# crawdad issue !!!



## 1yeldud1 (Jan 26, 2010)

Ok - I have a crawdad that insists on digging holes under my wood shop and in the flower beds that my wife has planted around this building - I have made it my mission to "evict" this unwanted guest. We have locked horns and thus far he has won. I have made the decision to NOT use chemicals to rid my yard of this gentleman but I am in need of help anybody have any suggestions - I have tried filling in his holes with dirt, small rocks, and even moth balls. He is a WISE and CUNNING soldier. any suggestions - lol


----------



## 69BBNova (May 1, 2012)

I hate saying this but could you flood its entire den by running a water hose?


----------



## MT_Stringer (Jul 21, 2009)

Here is a solution guaranteed to work.


----------



## Magnum (Feb 5, 2010)

THIS LINK may Help.

Maybe I have the Wrong "Animal"??? I though these things lived in the Water, or nearby.

That LINK will take you to 1,000's of Homemade Crawdad Traps.

Similar to the one below. Believe it is to baited with Fresh Raw Fish. As Jim Said Raw Liver would also do the job.

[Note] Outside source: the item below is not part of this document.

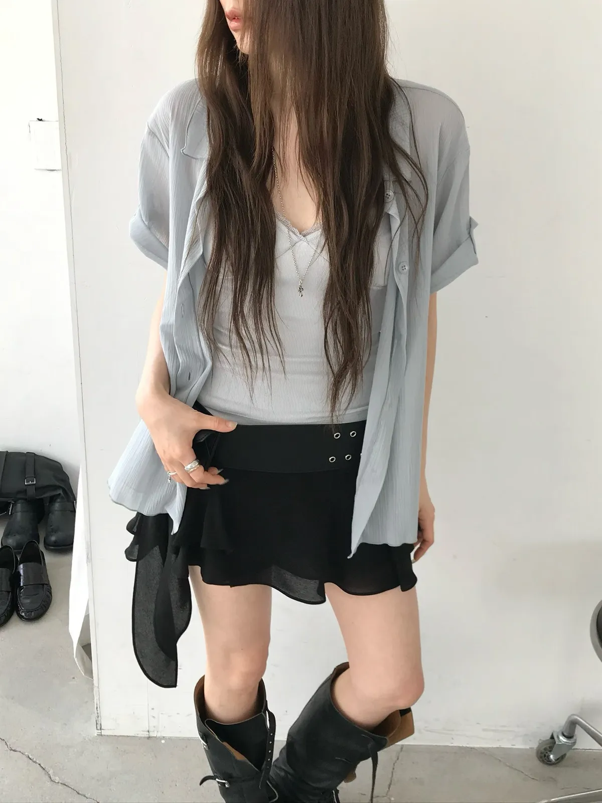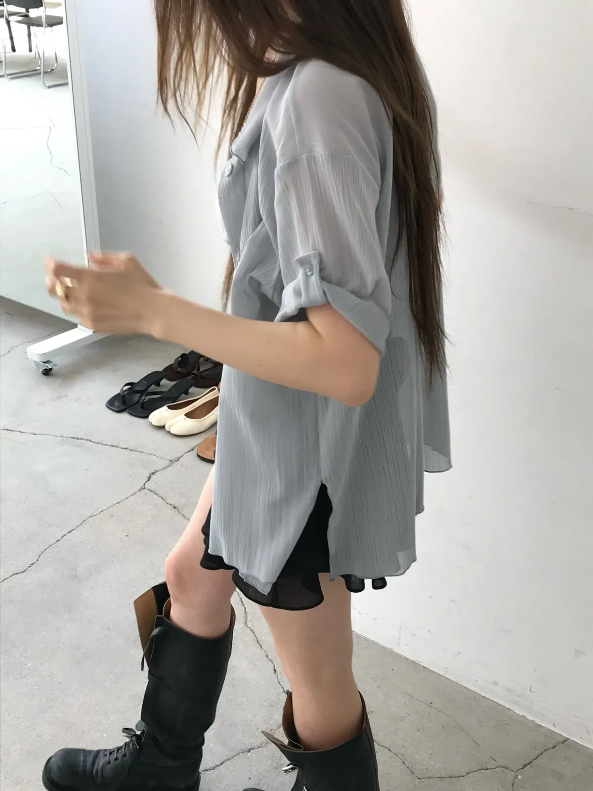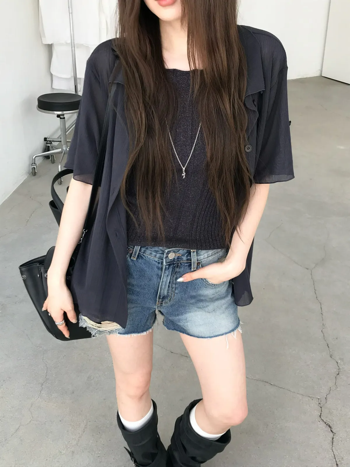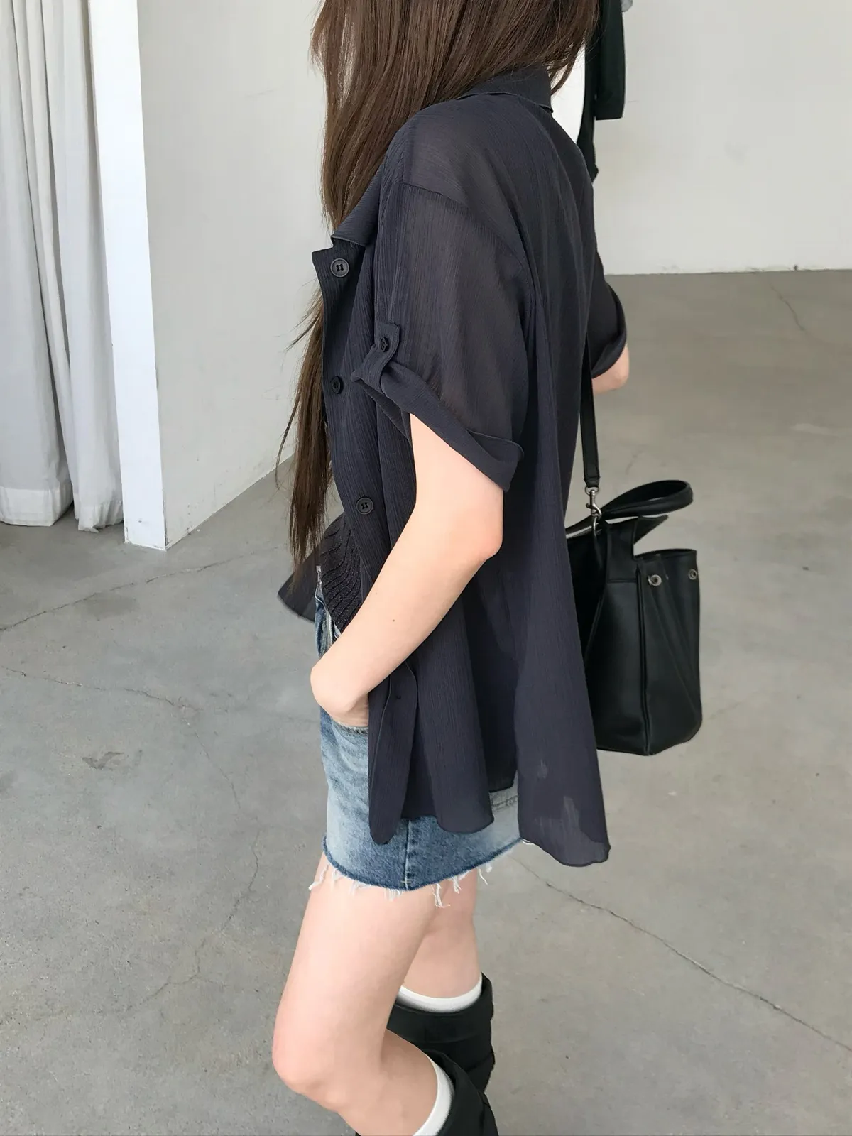 26EJ06 透透凹凸直紋短袖襯衫 4色

*Just as long as I DON'T Have to eat that Stuff!! (LIVER) *

888888888888888888888888888888888888888888888888888888888888888888888888888888888888










888888888888888888888888888888888888888888888888888888888888888888888888888888888888


----------



## Finn (May 26, 2010)

Bait him with raw liver on a string. Will not let go of it so no need for a hook nor to harm him. We used to catch them by the hundreds to sell for fish bait.


----------



## JustJoe (Oct 26, 2012)

A quick google search taught me that racoons eat crawdads. Just let a couple loose under the house. When they're done eating shoot the racoons.


----------



## Magnum (Feb 5, 2010)

Oh My God!!! *" When they're done eating shoot the racoons."*

Joe! You're a Terrible Person! ....LOL….

Well …... Actually The Squirrels in my Attic drive me Nuts!! Might be a Good Solution to get rid of them!!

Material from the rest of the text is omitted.